= Nicholas Ostler =

British scholar and author (born 1952)

Nicholas Ostler (/ˈoʊstlər/ (Note: This is different from the pronunciation of the common noun ostler /ˈɒslə/.); born 20 May 1952, Tunbridge Wells) is a British scholar, linguist, and author.

== Biography and work ==
Ostler studied at Balliol College, Oxford, where he received degrees in Greek, Latin, philosophy, and economics. He later studied under Noam Chomsky at the Massachusetts Institute of Technology, where he earned his PhD in linguistics and Sanskrit.

His 2005 book Empires of the Word: A Language History of the World documents the spread of language throughout recorded human history. The book documents and explains the spread of the various Semitic languages of Mesopotamia, including Akkadian and Aramaic, examines the resilience of Chinese through the centuries, and looks into the differential expansion of Latin in both halves of the Roman Empire, along with the many other expansions of the world's (historical) languages.

His 2007 book Ad Infinitum: A Biography of Latin looks specifically at the language of the Romans, both before and after the existence of their Empire. The story focuses on the rise, spread, and dominance of Latin, both among other languages of the Italian peninsula in the early part of the 1st millennium BC and among the languages of Western Europe in the Dark Ages and beyond, presenting the life of Latin as any biographer would present the life of his subject. With this book, Ostler provides a strong argument against the label 'dead language' so often assigned to Latin. However, the title, 'Ad Infinitum,' refers not to this, but to his thesis that the Latin-speaking world was unconscious of its own limits, looking always back to its centre, rather than outwards.

He is currently the chairman of the Foundation for Endangered Languages, and lives in Hungerford, England.

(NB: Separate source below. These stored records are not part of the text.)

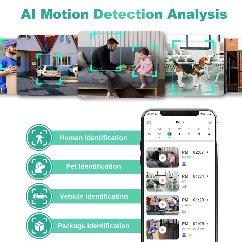 ·AI Recognition Motion Detection: The AI PIR sensor will be triggered in real-time and push notifications and alerts to your phone app once this security camera detects motion.
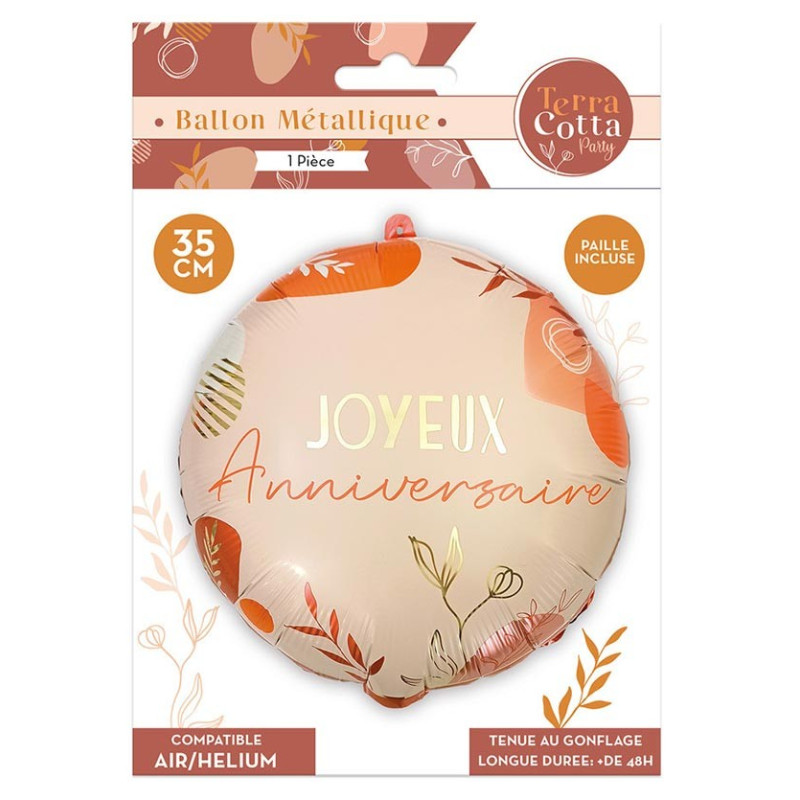 Inclus : Ballon Joyeux anniversaire terracotta 35 cm
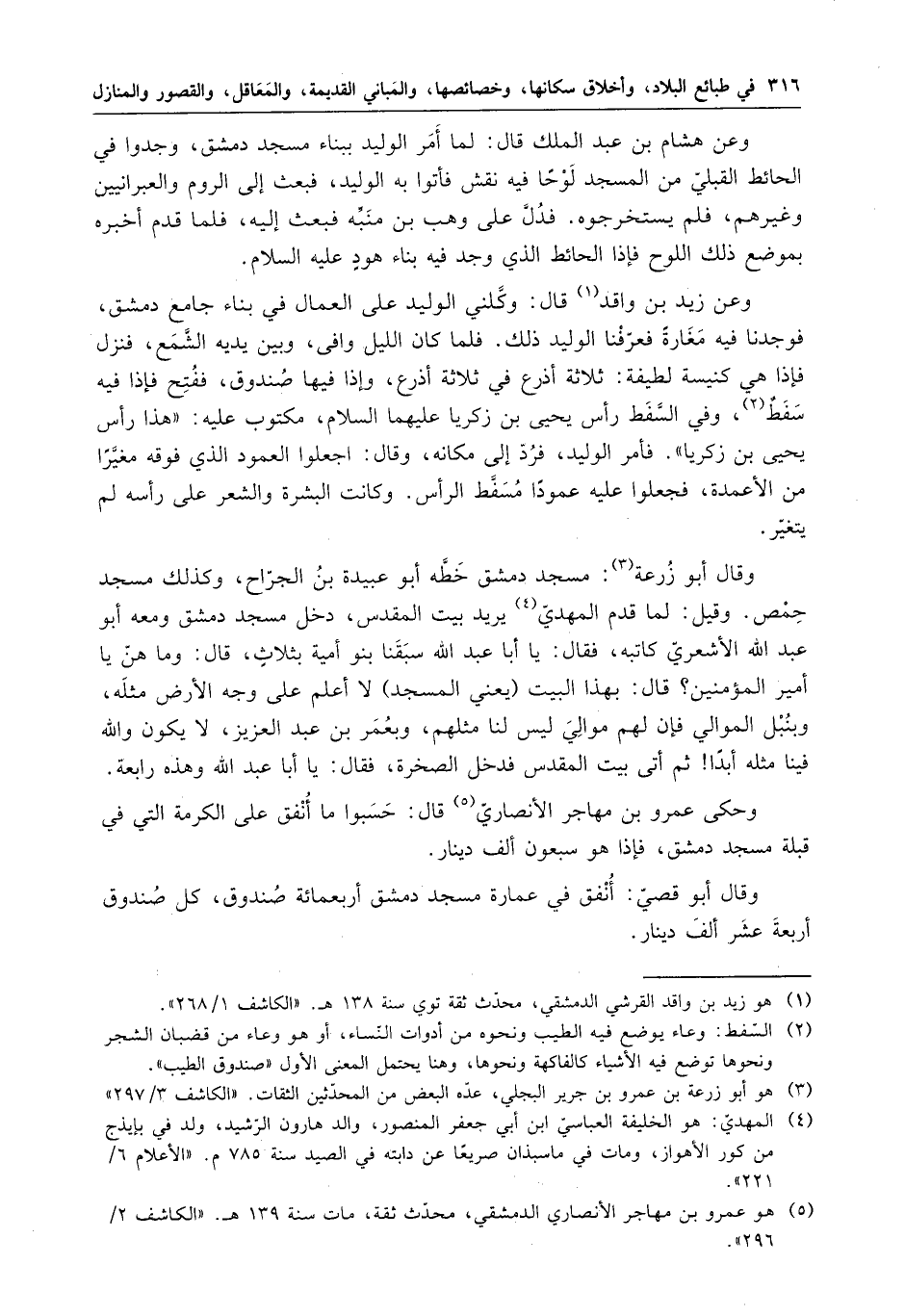 وقال أبو زرعة : مسجد دمشق خطه أبو عبيد بن الجراح ، وكذلك مسجد حمص . وقيل : لما قدم المهدي يريد بيت المقدس ، دخل مسجد دمشق ومعه أبو عبد الله الأشعري كاتبه ، فقال : يا أبا عبد الله سبقنا بنو أمية بثلاث ، قال : وما هن يا أمير المؤمنين ؟ قال : بهذا البيت " يعني المسجد " لا أعلم على وجه الأرض مثله ، وبنبل الموالي فإن ليس لنا مثلهم ، وبعمر بن عبد العزيز ، لا يكون فينا مثله أبدت ثم أتى بيت المقدس فدخل الصخرة ، فقال : يا أبا عبد الله وهذه رابعة .

In 2013, he wrote the foreword for Navlipi, the publication of a universal script that deals with phonemic idiosyncrasies inherent in all the world's languages.

==Works==
- Empires of the Word: A Language History of the World. HarperCollins: London and New York, 2005. ISBN 0066210860
- Ad Infinitum: A Biography of Latin. HarperCollins in the UK, and Walker & Co. in the USA: London and New York, 2007. ISBN 9780802715159
- The Last Lingua Franca: English until the Return to Babel. Penguin in the UK, and Bloomsbury/Walker Books in the USA. London and New York, 2010. ISBN 0802717713
- Passwords to Paradise: How Languages Have Re-invented World Religions. Bloomsbury. London and New York, 2016. ISBN 978-1-62040-515-4

== Sources ==
- Author: Nicholas Ostler, HarperCollins. Retrieved 21 January 2007.
- Ostler, Nicholas. Empires of the Word: A Language History of the World. New York: Harper Perennial, 2005. ISBN 0-06-093572-3
- Author: Nicholas Ostler, AP Watt (literary agent). Retrieved 26 July 2010.